Question

In: Accounting

Isaiah has been working for CNN for a total of four years. CNN offers Isaiah a...

Isaiah has been working for CNN for a total of four years. CNN offers Isaiah a 401(k) plan. At the end of the fourth year of working at CNN, Isaiah leaves and begins working for MSNBC – which also offers a 401(k) plan.

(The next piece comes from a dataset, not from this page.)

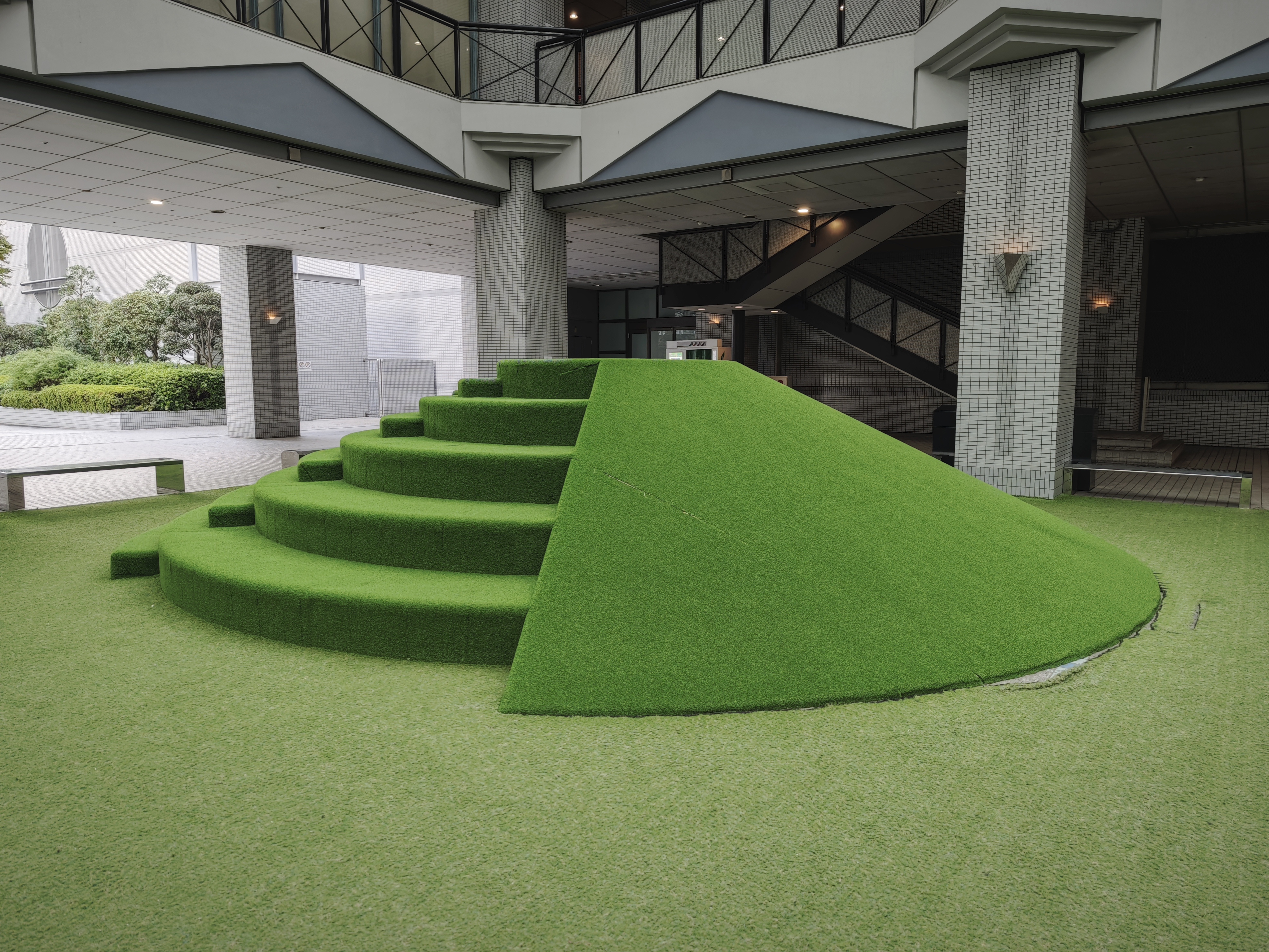 屋根ありで雨天利用OK!吹き抜けで自然光が豊かに差し込む人工芝広場「大阪ベイタワー アトリウム広場」

When Isaiah leaves CNN, his 401(k)-account balance is $54,000, of which:

  • CNN’s contribution = $30,000
  • Isaiah’s contribution = $20,000
  • Interest earnings = $4,000.
  1. Upon leaving CNN, how much of the 401(k)-account balance can Isaiah take with him at a minimum? (3 points)

Solutions

Expert Solution

Following are the rules for cash out of 401(k) account balances-

  1. If your new employer offers a 401(k) plan, check your eligibility and enroll yourself.
  2. Once enrolled, get the funds and investments in your old account directly transferred to your new account. You can opt for a direct administrator-to-administrator transfer through simple documentation to avoid potential taxes and penalties.
  3. Instead of direct transfer, you can also cash out your old account and deposit the proceeds in your new account within 60 days of cashing out. That way, you don’t have to pay income tax on the amount of the withdrawal (which is treated as distribution).
  4. You must start taking 401(k) distributions after you turn 70 ½ years old and you are not working anymore. However, unlike traditional plans, in a new retirement plan with your current employer, you cannot be forced to take the required minimum distributions even after you reach the age of 70 ½.
  5. If your new employer does not have a 401(k) plan or you do not like the plan your new employer has, you may roll over your old 401(k) account to an IRA. The rollover process is like the process of rolling over to a new account. You can either get it done directly through your plan administrator or take out the proceedings and deposit them in your IRA within 60 days.

The following are some tax rules regarding your old 401(k):

  • When you leave your 401(k) account with your old employer, you need not pay any taxes until you choose to withdraw the funds.
  • Even when you roll over your old 401(k) account to your new employer, you need not pay any taxes.
  • At the time of your 401(k) distributions, you will be liable to pay income tax at the prevailing rates applicable for such distribution.
  • If you haven’t reached the age of 59 ½ years at the time of distribution, you may be liable to pay a premature withdrawal penalty of 10%, subject to certain exceptions.
  • Distributions from a designated Roth account are tax-free after you reach the age of 59 ½ years, provided your account is at least five years old.

in the given case,

When Isaiah leaves CNN, his 401(k)-account balance is $54,000, of which:

  • CNN’s contribution = $30,000
  • Isaiah’s contribution = $20,000
  • Interest earnings = $4,000 and isaiah has worked for 4 years.

Assuming Isaiah has not reached the age of 59 1/2 years , in case of withdraw of the amount , 10% penalty will be charged for early withdrawl.